Segment Start: Given records
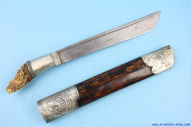 This short Dah knife is late 19C. Probably coming from Laos or Cambodia. Massive blade with a thin fuller 8 1/2 inches long. Silver bolster. Antelope horn handle with a large silver sleeve and traces of fur. Wood scabbard with engraved silver mounts. Total length 12 1/2 inches. Very good condition |
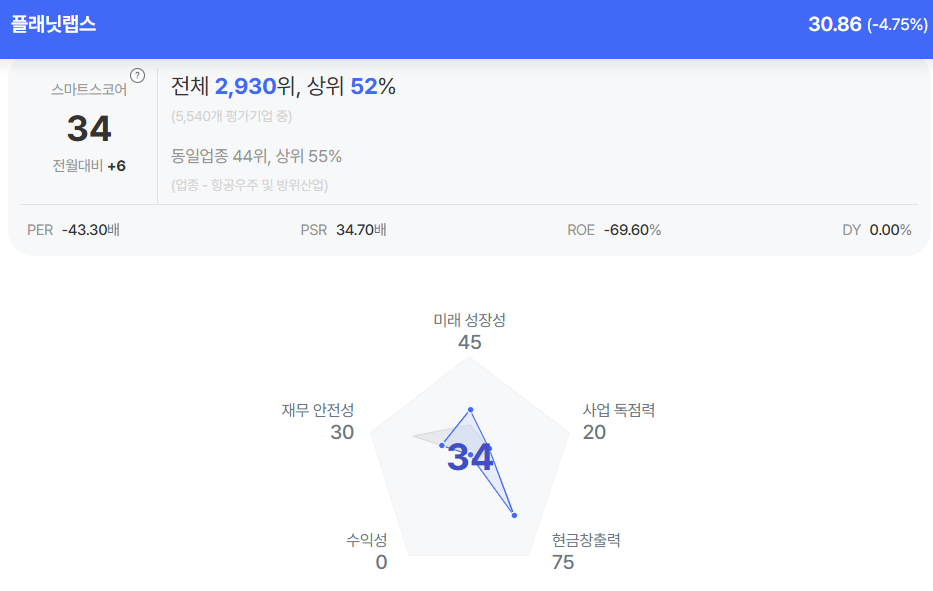 | 플래닛랩스 종목진단 (출처=초이스스탁) |
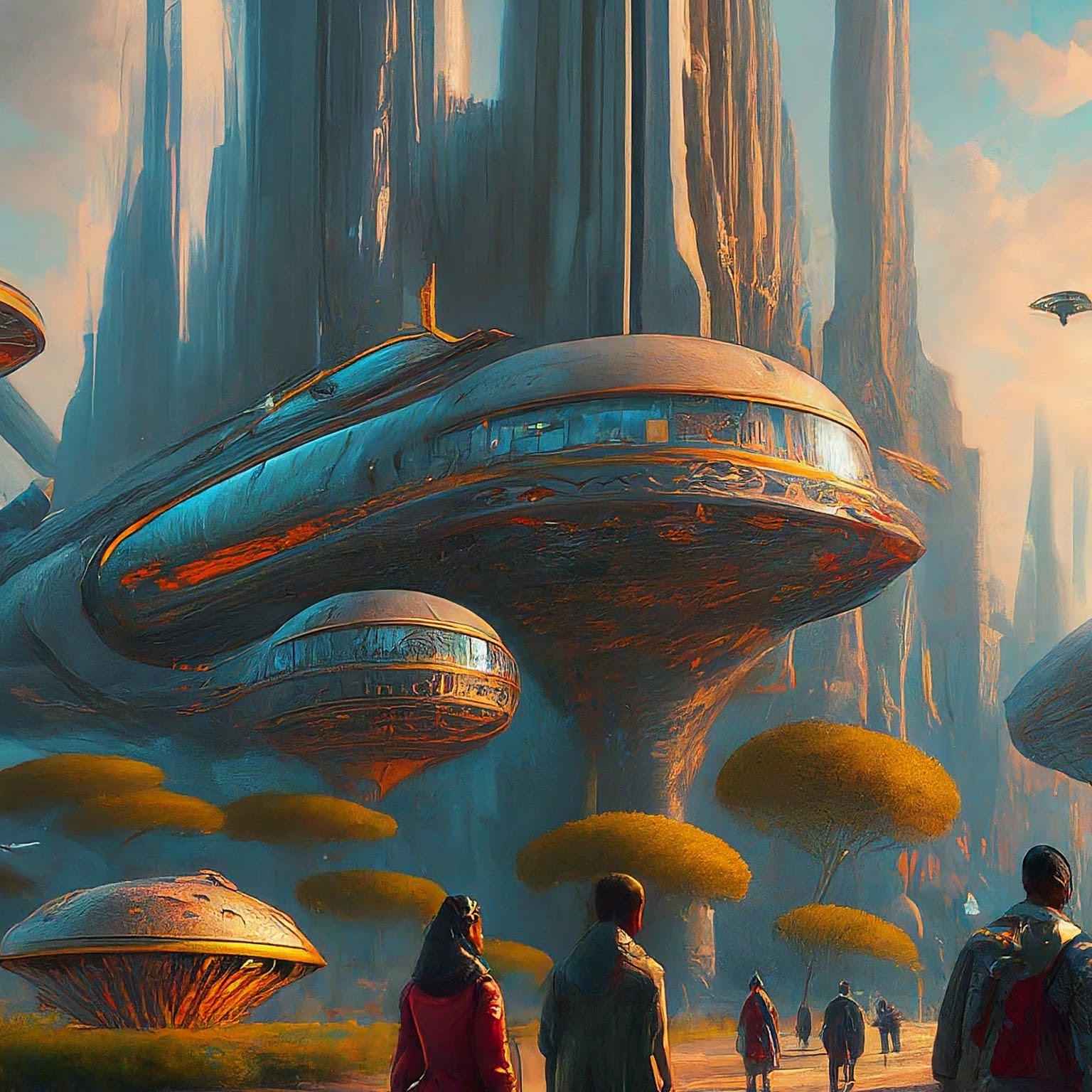 入力したプロンプト:Pictures of humans wandering through a futuristic city.(未来都市の中を彷徨う人間達の写真)
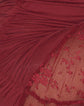 In a dark cherry smooth slinky fabric, the Carlie dress features a mini, bodycon fit with a sleeveless bandeau design and an A-line hem with lace detailing and lettuce trim.
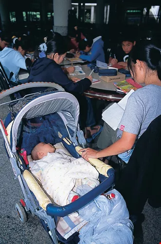 大餐廳中找個角落就上起自編教材的「華文」課了!老師一邊上課一邊搖著小baby,似乎一點也不礙事。
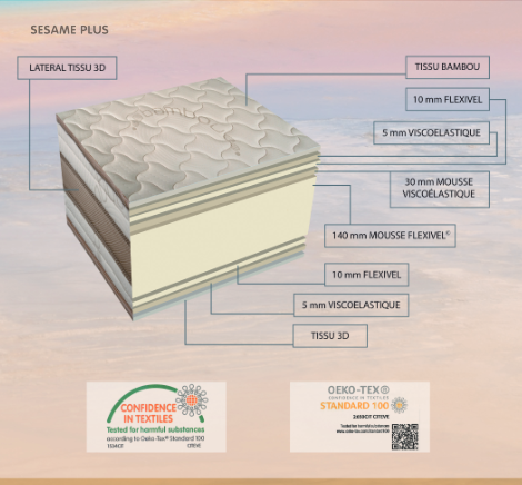 Le matelas viscoélastique Bambou Sesame Plus est considéré comme l'un des meilleurs matelas du marché. Depuis son lancement, il a su se perfectionner et s'adapter aux technologies d'hygiène et de pointe du monde du repos.
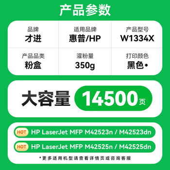 才进适用惠普334A粉盒W1334A碳粉硒鼓墨盒M42523n M42523dn打印机墨粉盒M42525n M42525dn复印机墨粉LaserJet
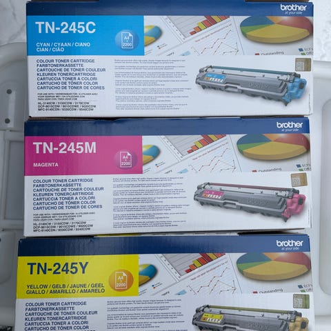 Dette er originale blekkpatroner fra Brother i fargene CYAN (2 stk), MAGNETA (3 stk) og YELLOW (4 stk). Totalt 9 stk.
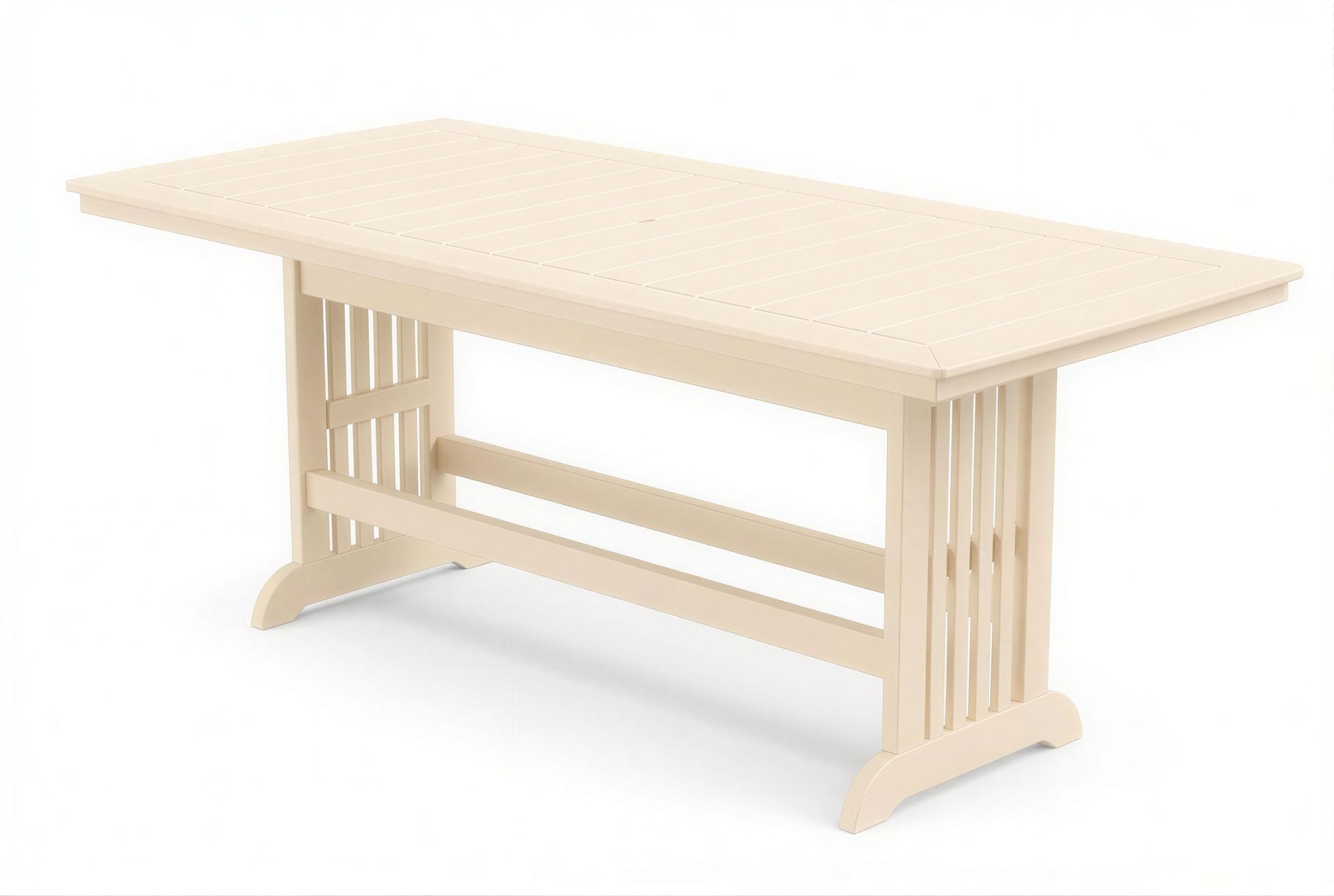 The Poly Farmhouse Mission Table by Beaver Dam combines is the perfect anchor to any premium outdoor living space. Choose from five versatile sizes and three custom heights to create the perfect centerpiece no matter how many people gather 'round.
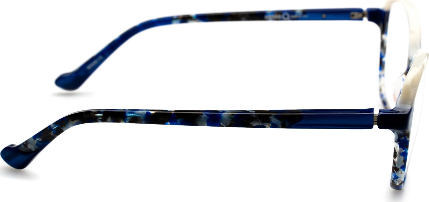 - Mėlyna rėmelio spalva puikiai tinka šaltam odos atspalviui ir šviesiai rudiems, juodiems arba šviesiai blondiniams plaukams.
Segment End: Given records
Leave out the pictures and set down all of the data exactly.

 This short Dah knife is late 19C. Probably coming from Laos or Cambodia. Massive blade with a thin fuller 8 1/2 inches long. Silver bolster. Antelope horn handle with a large silver sleeve and traces of fur. Wood scabbard with engraved silver mounts. Total length 12 1/2 inches. Very good condition |
 | 플래닛랩스 종목진단 (출처=초이스스탁) |
 入力したプロンプト:Pictures of humans wandering through a futuristic city.(未来都市の中を彷徨う人間達の写真)
 In a dark cherry smooth slinky fabric, the Carlie dress features a mini, bodycon fit with a sleeveless bandeau design and an A-line hem with lace detailing and lettuce trim.
 大餐廳中找個角落就上起自編教材的「華文」課了!老師一邊上課一邊搖著小baby,似乎一點也不礙事。
 Le matelas viscoélastique Bambou Sesame Plus est considéré comme l'un des meilleurs matelas du marché. Depuis son lancement, il a su se perfectionner et s'adapter aux technologies d'hygiène et de pointe du monde du repos.
 才进适用惠普334A粉盒W1334A碳粉硒鼓墨盒M42523n M42523dn打印机墨粉盒M42525n M42525dn复印机墨粉LaserJet
 Dette er originale blekkpatroner fra Brother i fargene CYAN (2 stk), MAGNETA (3 stk) og YELLOW (4 stk). Totalt 9 stk.
 The Poly Farmhouse Mission Table by Beaver Dam combines is the perfect anchor to any premium outdoor living space. Choose from five versatile sizes and three custom heights to create the perfect centerpiece no matter how many people gather 'round.
 - Mėlyna rėmelio spalva puikiai tinka šaltam odos atspalviui ir šviesiai rudiems, juodiems arba šviesiai blondiniams plaukams.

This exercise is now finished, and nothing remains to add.